§ TASK STATEMENT
For the listing below, print exactly the lines from the line with "转大火下西兰花、口蘑翻炒至熟" to the line with "Over the last", both included, and nothing beyond them.

§ INPUT DATA

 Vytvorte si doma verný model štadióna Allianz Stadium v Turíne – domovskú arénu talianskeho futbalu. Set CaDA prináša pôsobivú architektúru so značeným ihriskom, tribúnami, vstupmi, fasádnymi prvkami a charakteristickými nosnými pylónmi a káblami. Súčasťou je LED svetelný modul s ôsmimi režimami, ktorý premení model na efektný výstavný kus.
---
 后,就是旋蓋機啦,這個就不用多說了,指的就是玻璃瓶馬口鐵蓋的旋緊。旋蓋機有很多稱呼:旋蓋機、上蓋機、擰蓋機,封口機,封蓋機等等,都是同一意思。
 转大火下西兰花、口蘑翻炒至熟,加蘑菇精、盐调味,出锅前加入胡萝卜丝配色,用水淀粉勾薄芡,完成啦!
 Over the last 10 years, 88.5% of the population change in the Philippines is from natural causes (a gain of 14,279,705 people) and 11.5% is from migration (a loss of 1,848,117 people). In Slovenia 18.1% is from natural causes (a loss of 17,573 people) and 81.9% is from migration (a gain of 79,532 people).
...
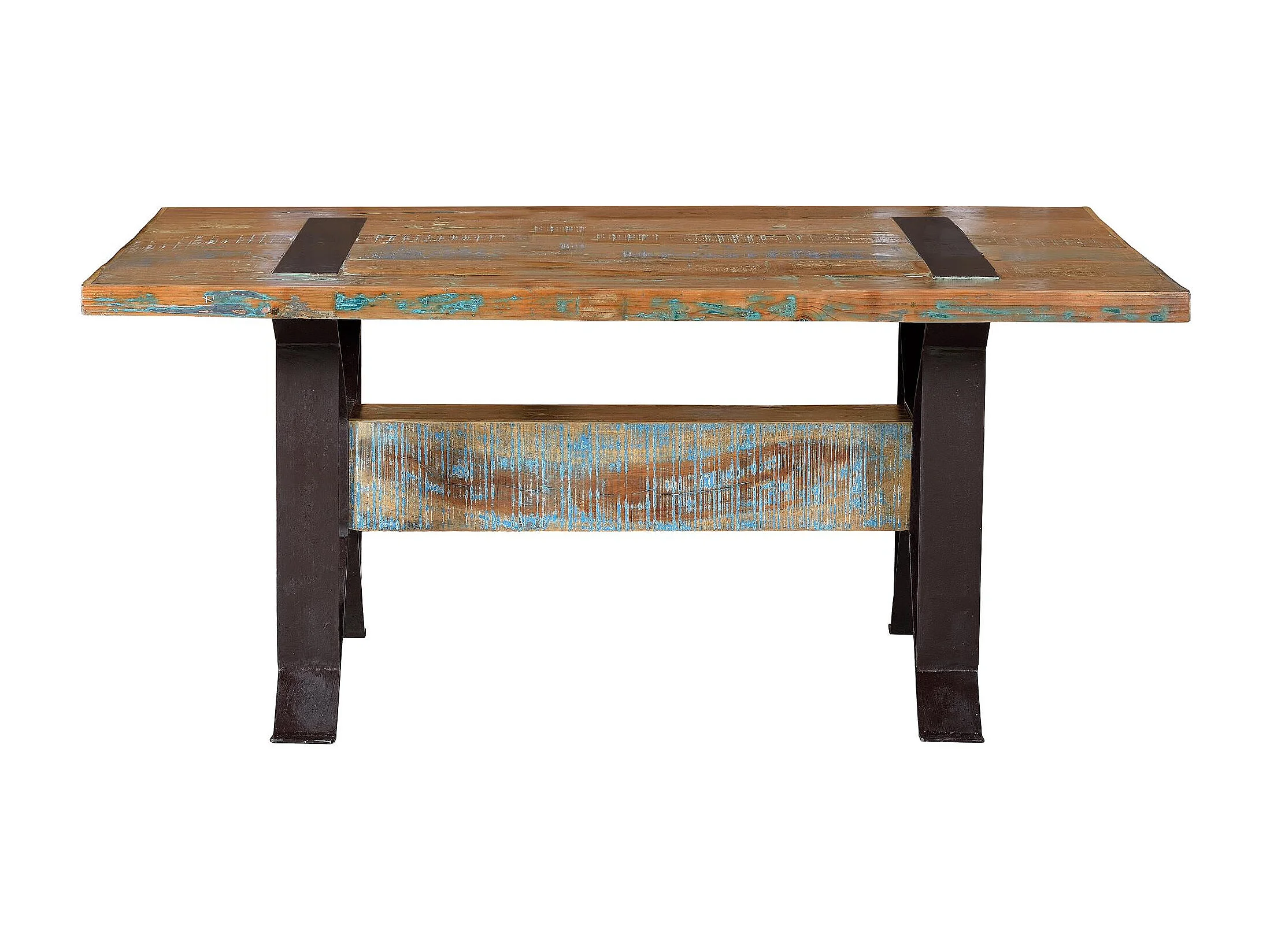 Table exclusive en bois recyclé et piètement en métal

§ TASK RESPONSE
 转大火下西兰花、口蘑翻炒至熟,加蘑菇精、盐调味,出锅前加入胡萝卜丝配色,用水淀粉勾薄芡,完成啦!
 Over the last 10 years, 88.5% of the population change in the Philippines is from natural causes (a gain of 14,279,705 people) and 11.5% is from migration (a loss of 1,848,117 people). In Slovenia 18.1% is from natural causes (a loss of 17,573 people) and 81.9% is from migration (a gain of 79,532 people).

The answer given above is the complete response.